2

(This question is very similar to Store multiple elements in json files in AWS Athena)

I have a JSON file in an S3 bucket that is structured like this -

[{"key1": value, "key2": value, "key3": {"key4": value, etc}}, {"key1": value....}]

Two questions:

  1. Why is it that if I send this directly to Quicksight, Quicksight knows to normalize the file perfectly (unless there are multiple files in the bucket that don't match (which is why I'm trying Athena)) but Athena struggles with it? I know it has something to do with formatting (each dictionary isn't on its own line, it's a list of dictionaries and not just dictionaries, etc) but it seems so unnecessary to modify the original file if there is another service on AWS that knows how to parse and flatten it without an issue.

  2. I'm using a Python script in Lambda to call the API and the list of dictionaries is the format it comes in. Is there a simple way to format the JSON file in the way Athena likes? Below is an example of my current script -

response = requests.request(method, url, **kwargs)
data_dict = response.json()
data_json = json.dumps(data_dict['results'])
s3.Bucket('bucket_name').put_object(Key = key, Body = data_json)

Disclaimer: I am fairly new to AWS/coding in general and have encountered many challenges while trying to understand the AWS documentation, so my apologies if this is a simple fix.

4

1 回答 1

5

Athena and Quicksight have different back ends so this explains the difference in behavior.

The issue with Athena is that each JSON record needs to be on its own line and not wrapped up inside of a JSON array. I have created lambdas to "flatten" out JSON that I pull off of a stream, similar to your problem.

Here is some sample code that should do the trick for you to make the data more compatible with Athena (this code is unrun/untested but hope it gives you the right idea):

client = boto3.client('s3')
response = requests.request(method, url, **kwargs)
data_dict = response.json()

with open('/tmp/out.json', 'w') as output:
    for result in data_dict['results']:
        output.write(json.dumps(result))

client.upload_file('/tmp/out.json', 'bucket_name', key)
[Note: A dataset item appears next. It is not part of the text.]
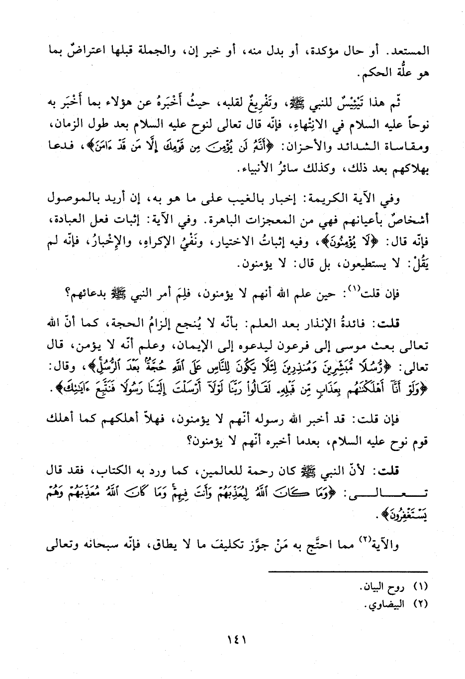 وفي الآية الكريمة: إخبار بالغيب على ما هو به، إن أريد بالموصول أشخاص بأعيانهم فهي من المعجزات الباهرة. وفي الآية: إثبات فعل العبادة، فإنّه قال: {لا يُؤْمِنُونَ}، وفيه إثبات الاختيار، ونفي الإكراه، والإخبار، فإنّه لم يقل: لا يستطيعون، بل قال: لا يؤمنون.

Keep in mind that Athena does not like keys/column names that have . in them so if you have any in your data, you may need to massage your data before storing it in s3.

If your JSON is nested, as you example indicates with key3, you may also want to look into the flattening your JSON before storing it in S3 with something like flatten_json. Athena will let you query nested JSON just fine but some other tools like Quicksight may not handle complex nested columns.

于 2019-05-23T14:26:14.283 回答